───── Given records

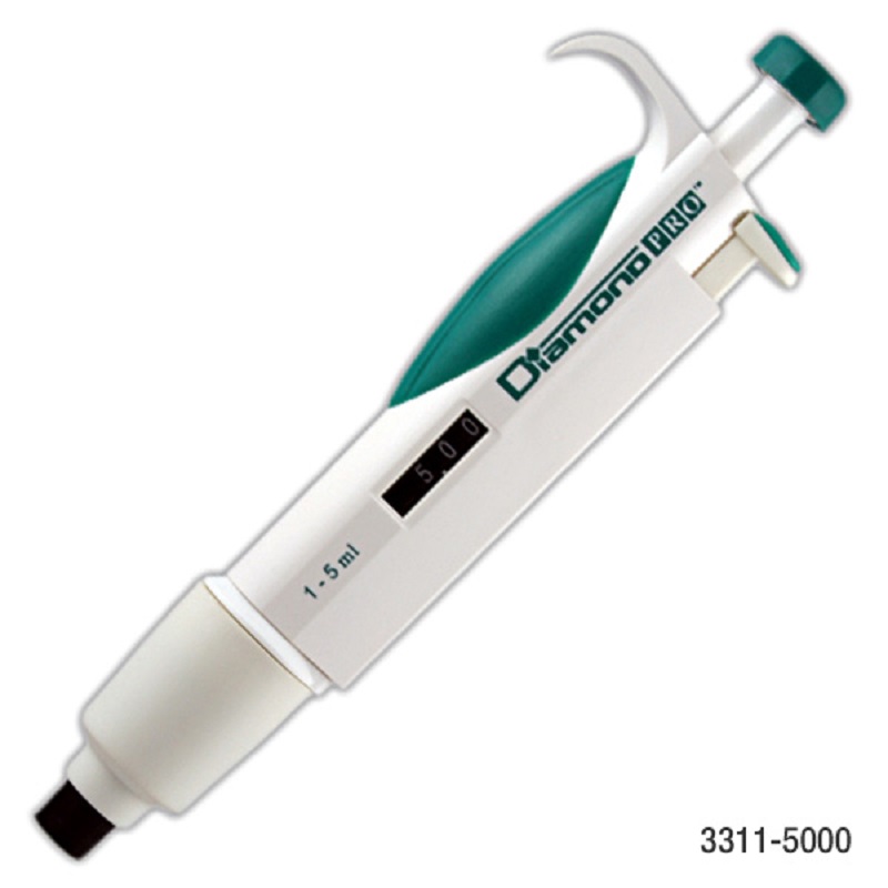 Globe Scientific Part Number 3311-5000, Pipette, Diamond PRO, Adjustable Volume, 1000 – 5000uL (1-5mL), Light Green, 1 Per Case
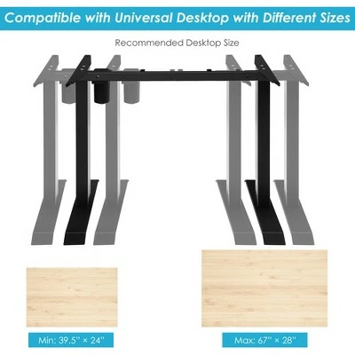 Customize your workstation to your ideal position with this powerful desk frame. You can choose your ideal working mode (sit/stand) and desired height to keep healthy working style. And the easy-to-operate up/down button controller brings a lot of convenience in height adjustment. What’s more, you can install different sizes of desktops (39.5” to 67” in length and 24” to 28” in width) on this lifting desk frame due to its adjustable width design. Made of high grade steel material, the desk frame shows perfect performance in stability, weight capacity and durability.Enjoy your work and leisure time with this standing desk frame. Specification: Color: Black/White. Material: Steel. Overall Dimension: 37.5” – 53.5” X 24” X 26” – 45” (L X W X H). Lifting Speed: 0.8”/s. Nosie: <45db. Net Weight: 41.5 lbs. Weight Capacity: 155 lbs. Package includes:. 1 x Standing Desk Frame. 1 x Instruction.
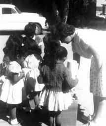Keywords: arizona mennoniteboardofmissions voluntaryservice martha brubacher marthabrubacher kindergarten blackandwhite monochrome black and white Caption: Martha Brubacher, a Mennonite volunteer, with her kindergarten class in Stanfield, Arizona. 1963. Citation: Mennonite Board of Missions Photograph Collection. Mission to Arizona, 1950-1970. IV-10-7.2 Box 1 Folder 54 , photo #20. Mennonite Church USA Archives - Goshen. Goshen, Indiana. Caption: Martha Brubacher, a Mennonite volunteer, with her kindergarten class in Stanfield, Arizona. 1963. Citation: Mennonite Board of Missions Photograph Collection. Mission to Arizona, 1950-1970. IV-10-7.2 Box 1 Folder 54 , photo #20. Mennonite Church USA Archives - Goshen. Goshen, Indiana. |
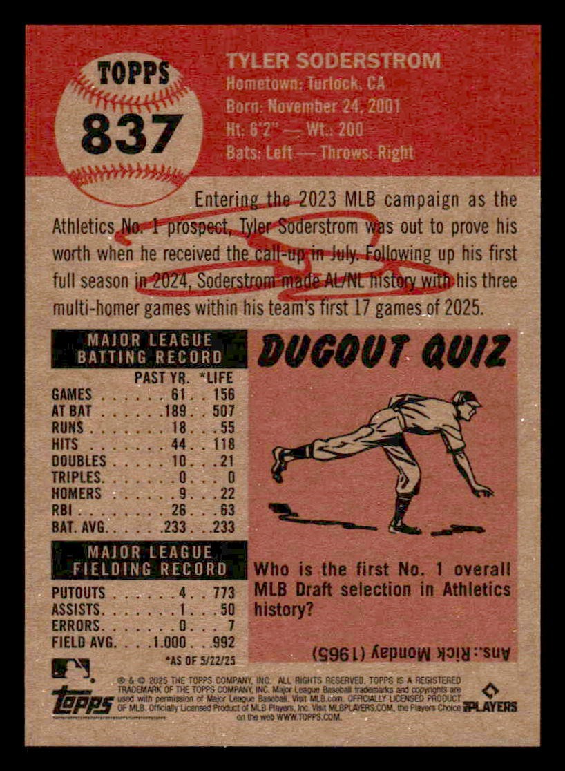 This is a nice example of a 2025 Topps Living #837 Tyler Soderstrom
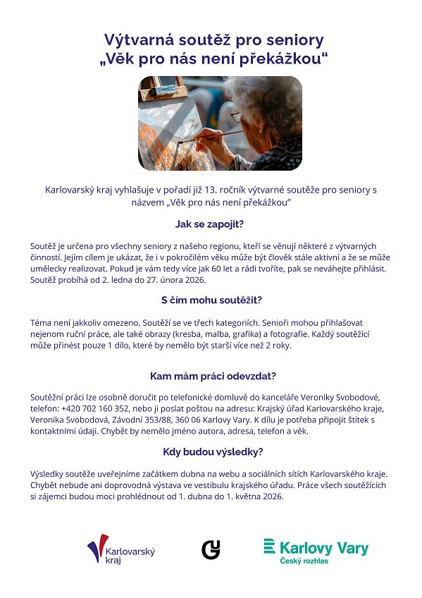Karlovarský kraj vyhlásil v pořadí již 13. ročník výtvarné soutěže pro seniory s názvem „Věk pro nás není překážkou“. Soutěž, jejímž mediálním partnerem je Český rozhlas Karlovy Vary, je určena pro všechny seniory z našeho regionu, kteří se věnují některé z výtvarných činností. Jejím cílem je ukázat, že i v pokročilém věku může být člověk stále aktivní a že se může umělecky realizovat. Přihlašovat lze nejenom ruční práce, ale také obrazy a fotografie. Příspěvky do soutěže je možné odevzdávat v termínu od 2. ledna do 27. února 2026.
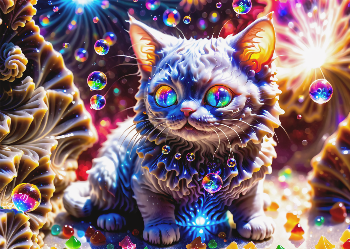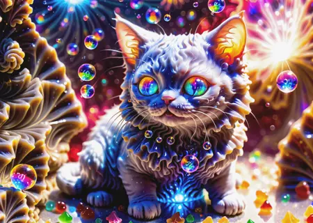 Is a model trained on aesthetically pleasing mandelbulb images. Stable diffusion produces mandelbulb imagery but I find it produces a fractal mud rather than beautiful geometric shapes. This model was trained on many different looking mandelbulb shapes, so by default it will come out kind of ugly. You should tell it what shape and color you're looking for and then it will actually work well. Mandelbulb, fractal, detailed, intricate, metallic, colorful, fog, shadow, depth of field, mushrooms, natural, closeup, distant... were all used in the tagging process and are therefore most likely to have the most effective impact. Might play well with humans with some trial and error. Plays very well with cats and flowers.
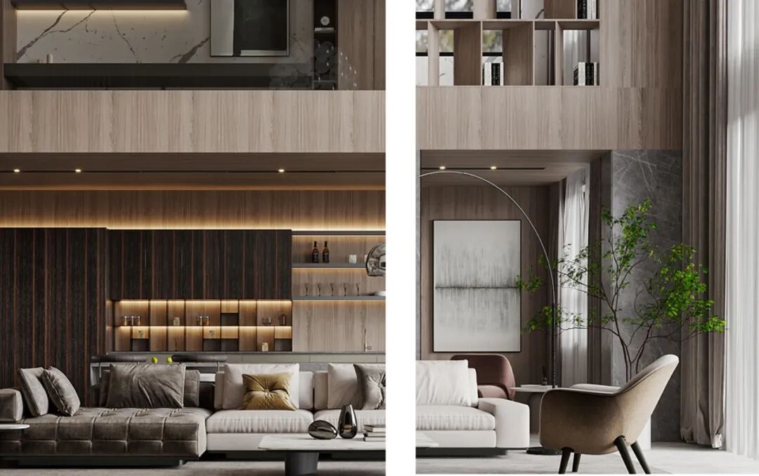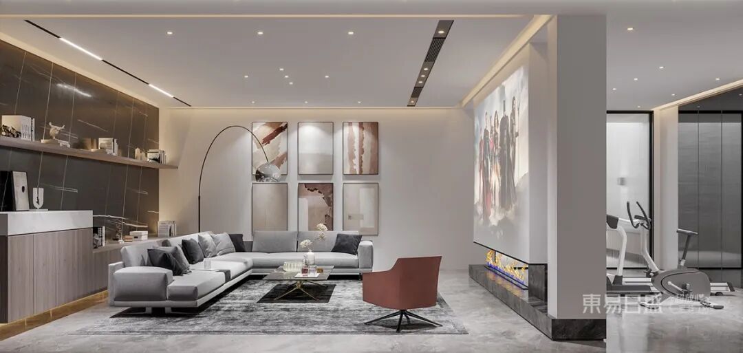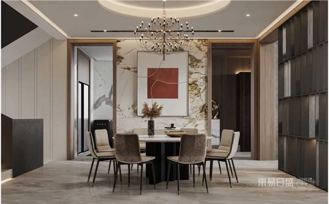 在视觉上舍弃张扬,通过对线条与色块的巧妙应用,营造出轻松的空间氛围,传递“轻奢华、新时尚”的生活理念。

──────────

Retype the entries above word for word, minus any images.

 Globe Scientific Part Number 3311-5000, Pipette, Diamond PRO, Adjustable Volume, 1000 – 5000uL (1-5mL), Light Green, 1 Per Case
 Customize your workstation to your ideal position with this powerful desk frame. You can choose your ideal working mode (sit/stand) and desired height to keep healthy working style. And the easy-to-operate up/down button controller brings a lot of convenience in height adjustment. What’s more, you can install different sizes of desktops (39.5” to 67” in length and 24” to 28” in width) on this lifting desk frame due to its adjustable width design. Made of high grade steel material, the desk frame shows perfect performance in stability, weight capacity and durability.Enjoy your work and leisure time with this standing desk frame. Specification: Color: Black/White. Material: Steel. Overall Dimension: 37.5” – 53.5” X 24” X 26” – 45” (L X W X H). Lifting Speed: 0.8”/s. Nosie: <45db. Net Weight: 41.5 lbs. Weight Capacity: 155 lbs. Package includes:. 1 x Standing Desk Frame. 1 x Instruction.
Keywords: arizona mennoniteboardofmissions voluntaryservice martha brubacher marthabrubacher kindergarten blackandwhite monochrome black and white Caption: Martha Brubacher, a Mennonite volunteer, with her kindergarten class in Stanfield, Arizona. 1963. Citation: Mennonite Board of Missions Photograph Collection. Mission to Arizona, 1950-1970. IV-10-7.2 Box 1 Folder 54 , photo #20. Mennonite Church USA Archives - Goshen. Goshen, Indiana. Caption: Martha Brubacher, a Mennonite volunteer, with her kindergarten class in Stanfield, Arizona. 1963. Citation: Mennonite Board of Missions Photograph Collection. Mission to Arizona, 1950-1970. IV-10-7.2 Box 1 Folder 54 , photo #20. Mennonite Church USA Archives - Goshen. Goshen, Indiana. |
 This is a nice example of a 2025 Topps Living #837 Tyler Soderstrom
Karlovarský kraj vyhlásil v pořadí již 13. ročník výtvarné soutěže pro seniory s názvem „Věk pro nás není překážkou“. Soutěž, jejímž mediálním partnerem je Český rozhlas Karlovy Vary, je určena pro všechny seniory z našeho regionu, kteří se věnují některé z výtvarných činností. Jejím cílem je ukázat, že i v pokročilém věku může být člověk stále aktivní a že se může umělecky realizovat. Přihlašovat lze nejenom ruční práce, ale také obrazy a fotografie. Příspěvky do soutěže je možné odevzdávat v termínu od 2. ledna do 27. února 2026.
 Is a model trained on aesthetically pleasing mandelbulb images. Stable diffusion produces mandelbulb imagery but I find it produces a fractal mud rather than beautiful geometric shapes. This model was trained on many different looking mandelbulb shapes, so by default it will come out kind of ugly. You should tell it what shape and color you're looking for and then it will actually work well. Mandelbulb, fractal, detailed, intricate, metallic, colorful, fog, shadow, depth of field, mushrooms, natural, closeup, distant... were all used in the tagging process and are therefore most likely to have the most effective impact. Might play well with humans with some trial and error. Plays very well with cats and flowers.
 在视觉上舍弃张扬,通过对线条与色块的巧妙应用,营造出轻松的空间氛围,传递“轻奢华、新时尚”的生活理念。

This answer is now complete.